● Problem details:
Nothing but the lines from the one containing "Bakan Yılmaz’dan sözleşmeli" through the end of the entries below should appear in your answer, transcribed exactly; please drop the pictures.
-.-.-
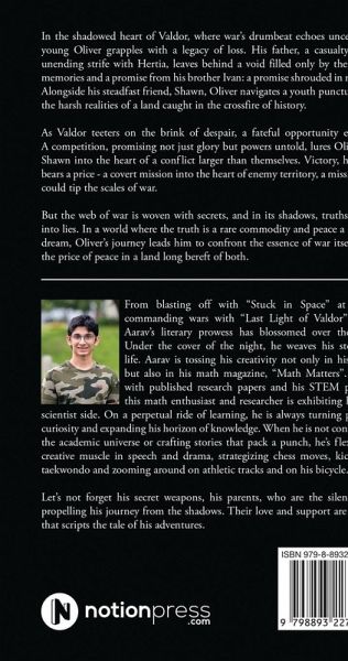In the shadowed heart of Valdor, where war's drumbeat echoes unceasingly, young Oliver grapples with a legacy of loss. His father, a casualty of the unending strife with Hertia, leaves behind a void filled only by the distant memories and a promise from his brother Ivan: a promise shrouded in mystery. Alongside his steadfast friend, Shawn, Oliver navigates a youth punctuated by the harsh realities of a land caught in the crossfire of history. As Valdor teeters on the brink of despair, a fateful opportunity emerges. A competition, promising not just glory but powers untold, lures Oliver and Shawn into the heart of a conflict larger than themselves. Victory, however, bears a price - a covert mission into the heart of enemy territory, a mission that could tip the scales of war. But the web of war is woven with secrets, and in its shadows, truths morph into lies. In a world where the truth is a rare commodity and peace a fleeting dream, Oliver's journey leads him to confront the essence of war itself - and the price of peace in a land long bereft of both.
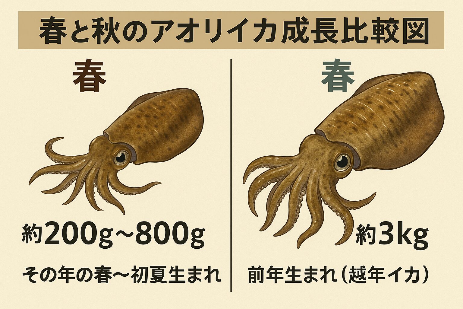 ・「秋に3キロ釣れた!」という場合、その個体はほぼ間違いなく越年イカ(前年生まれ)。
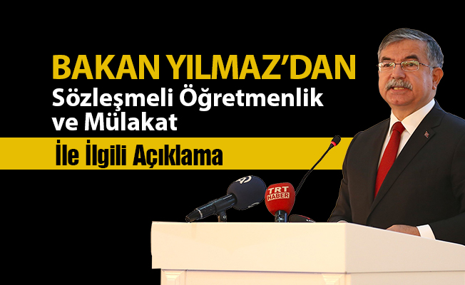 Bakan Yılmaz’dan sözleşmeli öğretmenlik ve mülakat açıklaması. Bakan Yılmaz mülakat sorusunu cevapladı. Milli Eğitim Bakanı İsmet Yılmaz önceki gün Genel Kurul MEB bütçe görüşmelerinde MHP Grup Başkanvekili Erkan Akçay’ı öğretmen mülakatları ile ilgili sorusunu cevapladı. İşte Bakan Yılmaz’ın mülakat sorusuna verdiği o cevap:
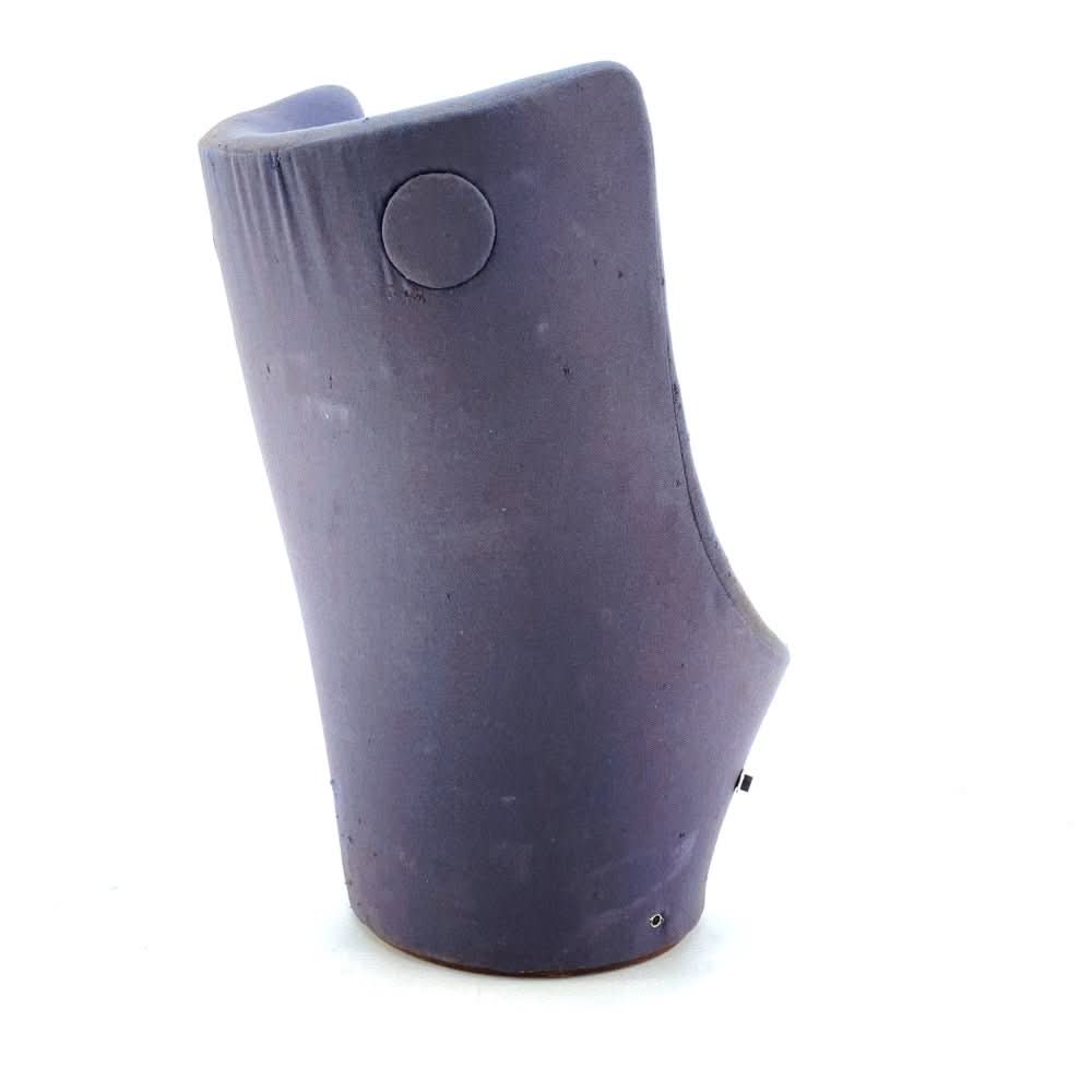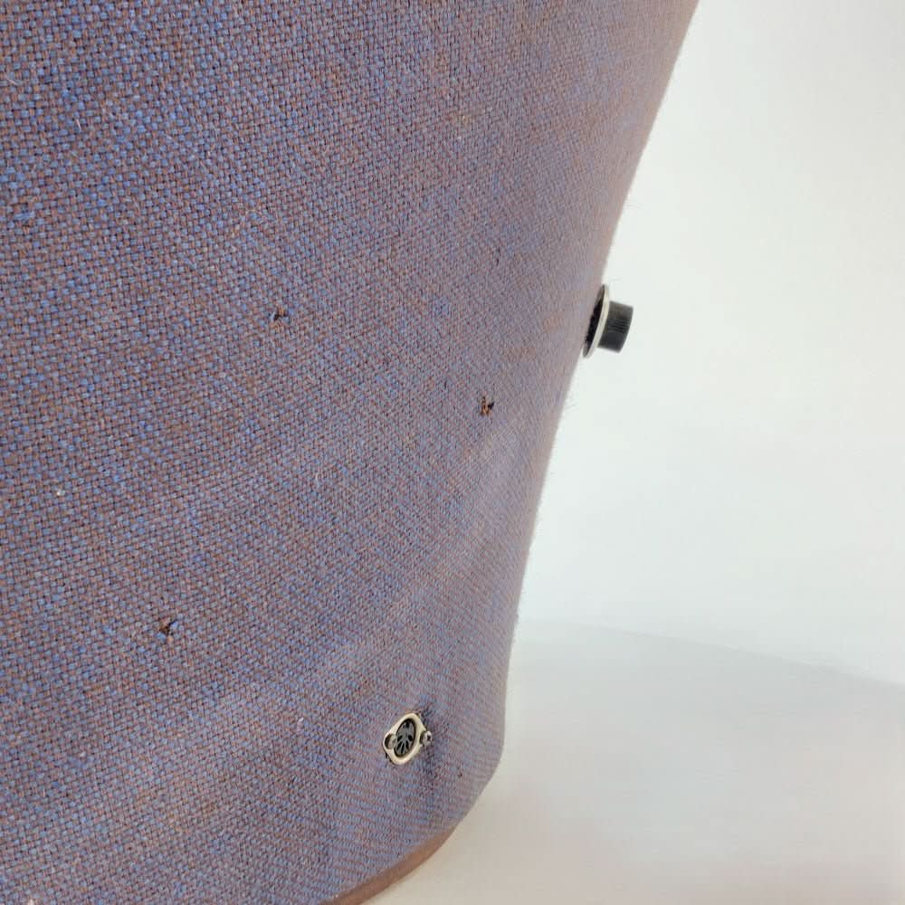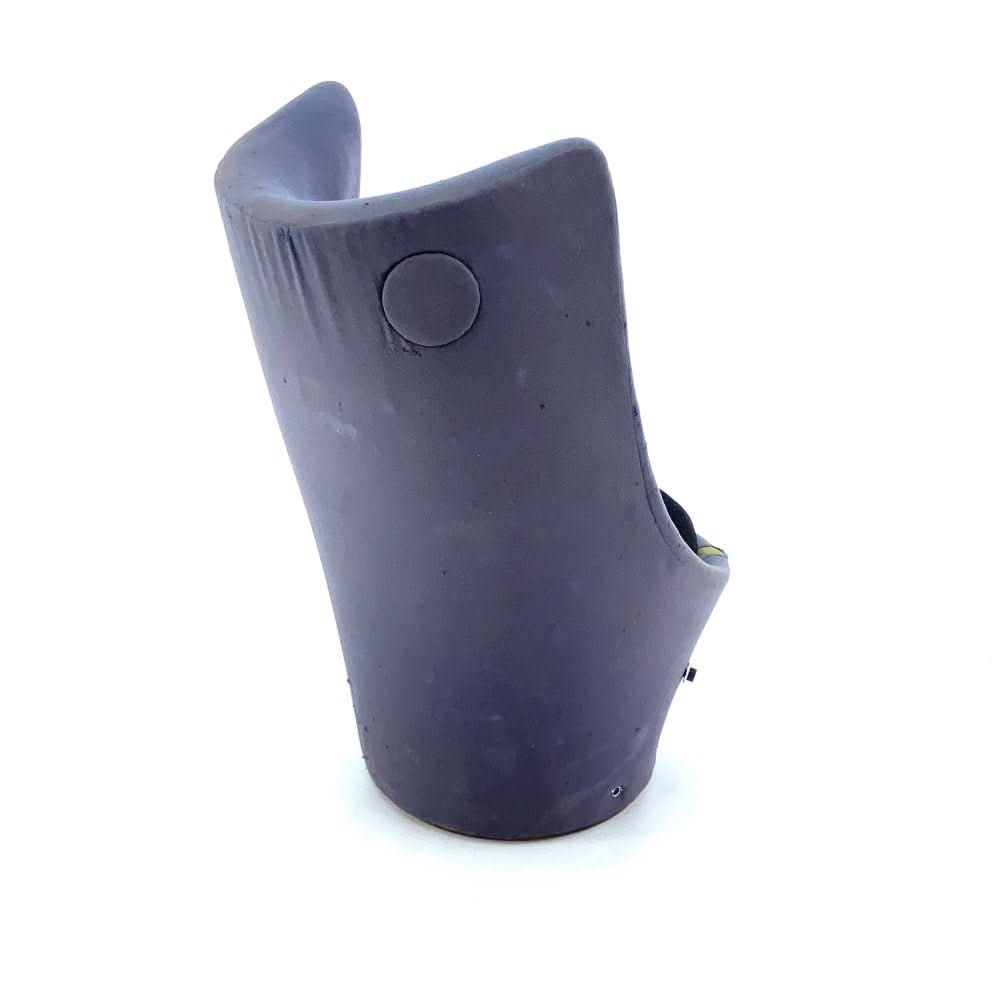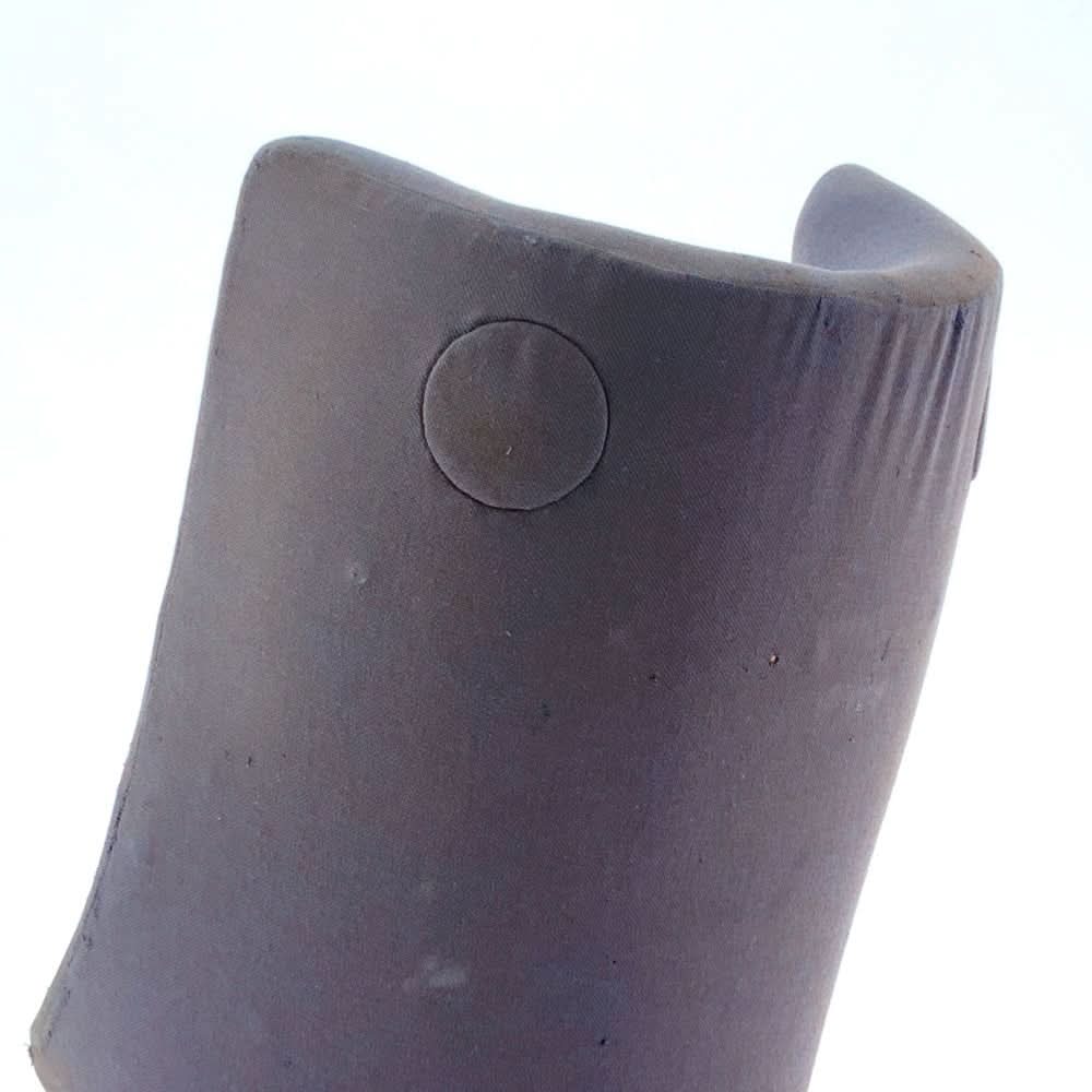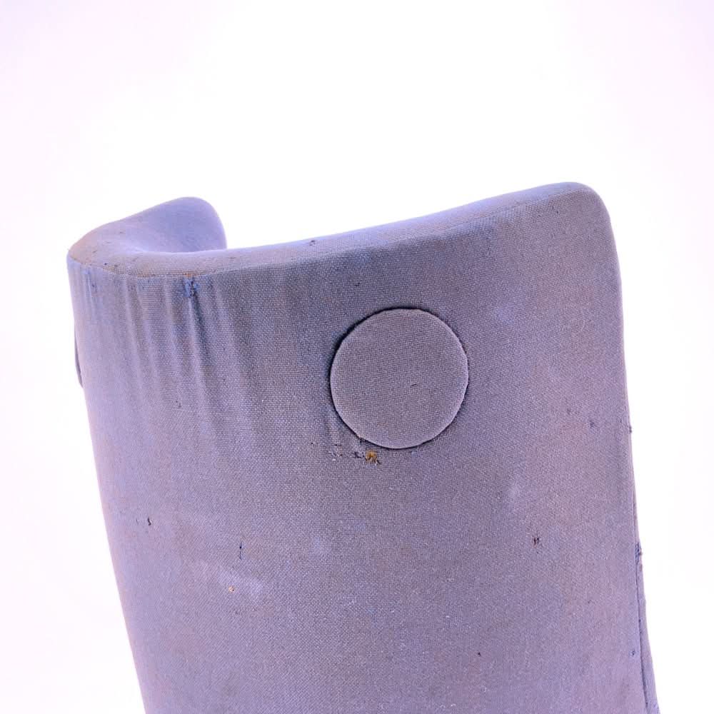 The sound chair was made by moulding the shell in expanded rigid polystyrene, which was then upholstered in polyurethane foam and wool. The headrest, back and base were constructed in one continuous circular form, with a winged back. A circular seat of polyurethane was set into the base of the frame and two speakers were fitted to the internal shell in the head bolster.
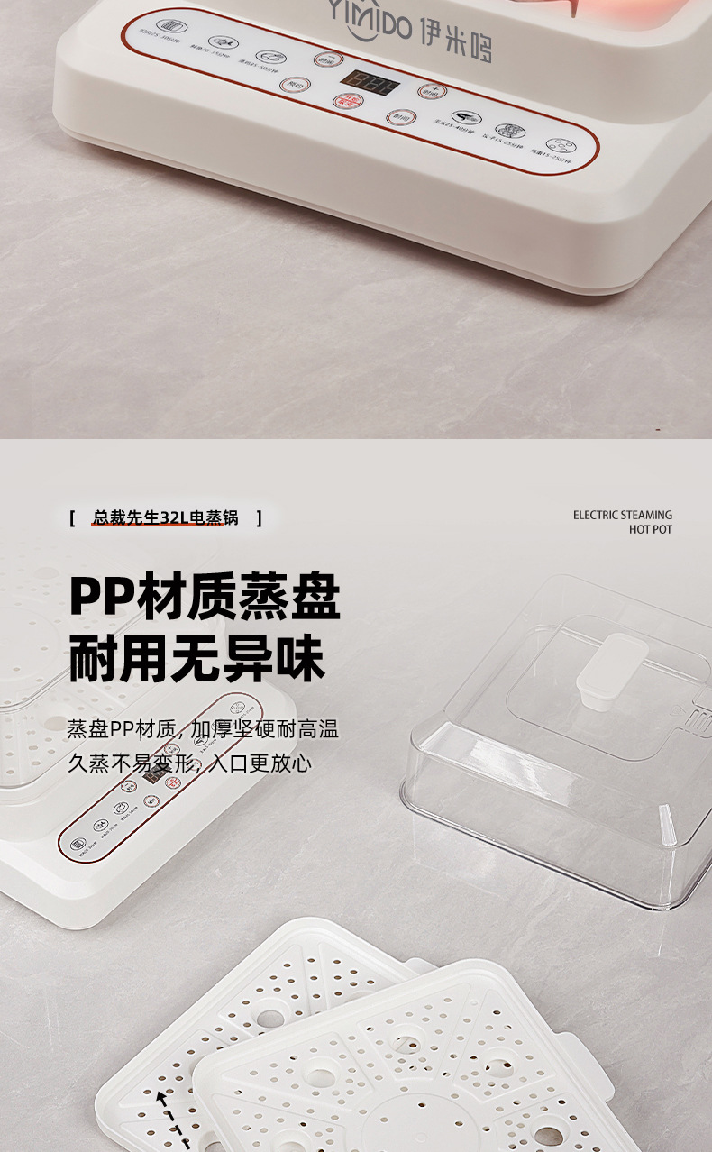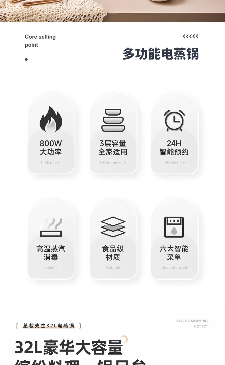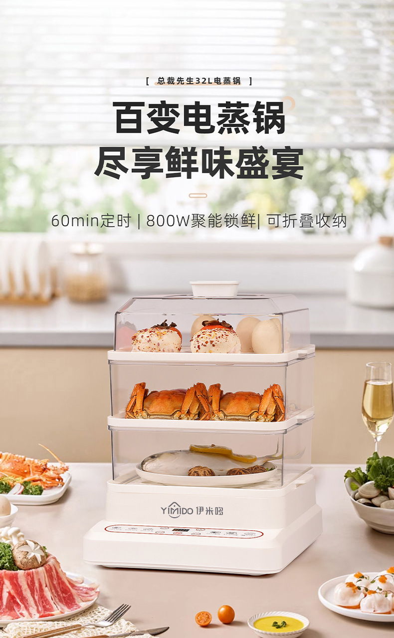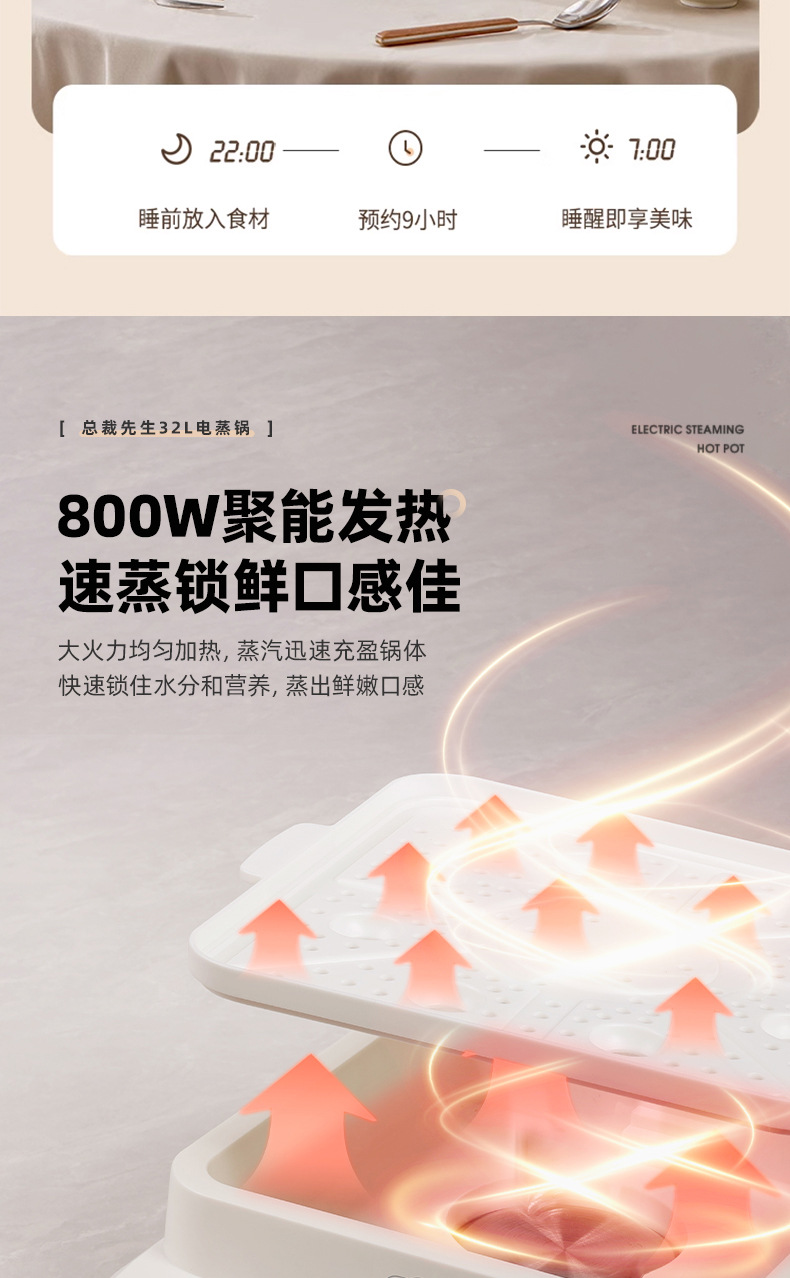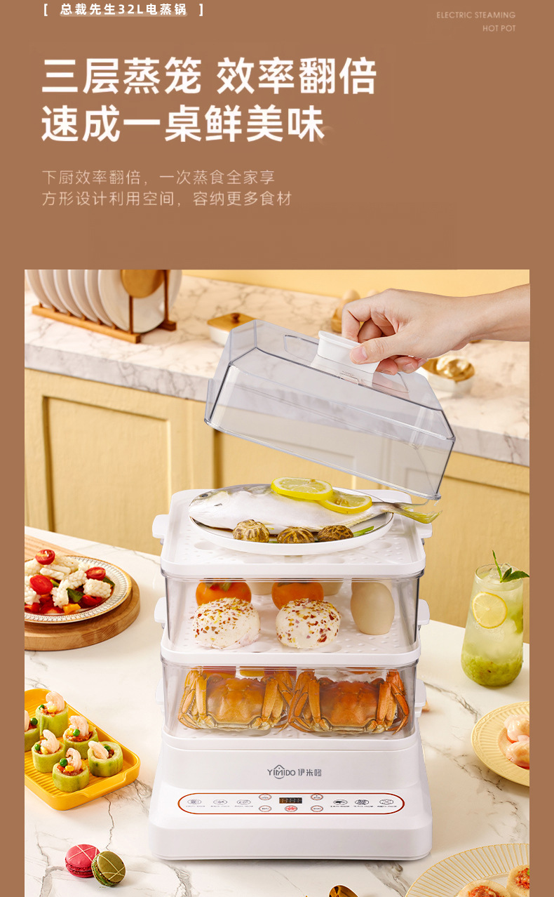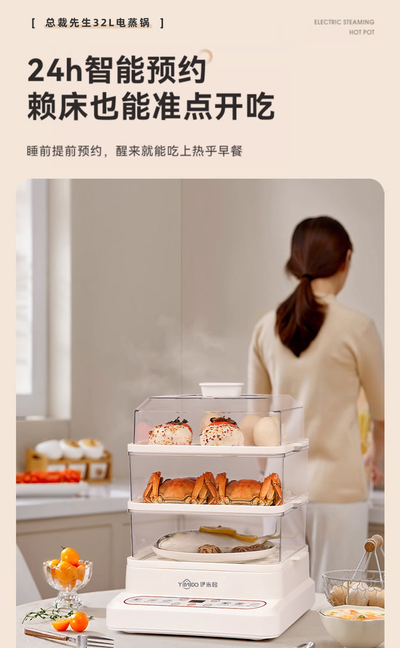 电蒸锅家用32升PC款三层电蒸笼大容量智能预约早餐机蒸煮
-.-.-
● Solution to this task:
 Bakan Yılmaz’dan sözleşmeli öğretmenlik ve mülakat açıklaması. Bakan Yılmaz mülakat sorusunu cevapladı. Milli Eğitim Bakanı İsmet Yılmaz önceki gün Genel Kurul MEB bütçe görüşmelerinde MHP Grup Başkanvekili Erkan Akçay’ı öğretmen mülakatları ile ilgili sorusunu cevapladı. İşte Bakan Yılmaz’ın mülakat sorusuna verdiği o cevap:
 The sound chair was made by moulding the shell in expanded rigid polystyrene, which was then upholstered in polyurethane foam and wool. The headrest, back and base were constructed in one continuous circular form, with a winged back. A circular seat of polyurethane was set into the base of the frame and two speakers were fitted to the internal shell in the head bolster.
 电蒸锅家用32升PC款三层电蒸笼大容量智能预约早餐机蒸煮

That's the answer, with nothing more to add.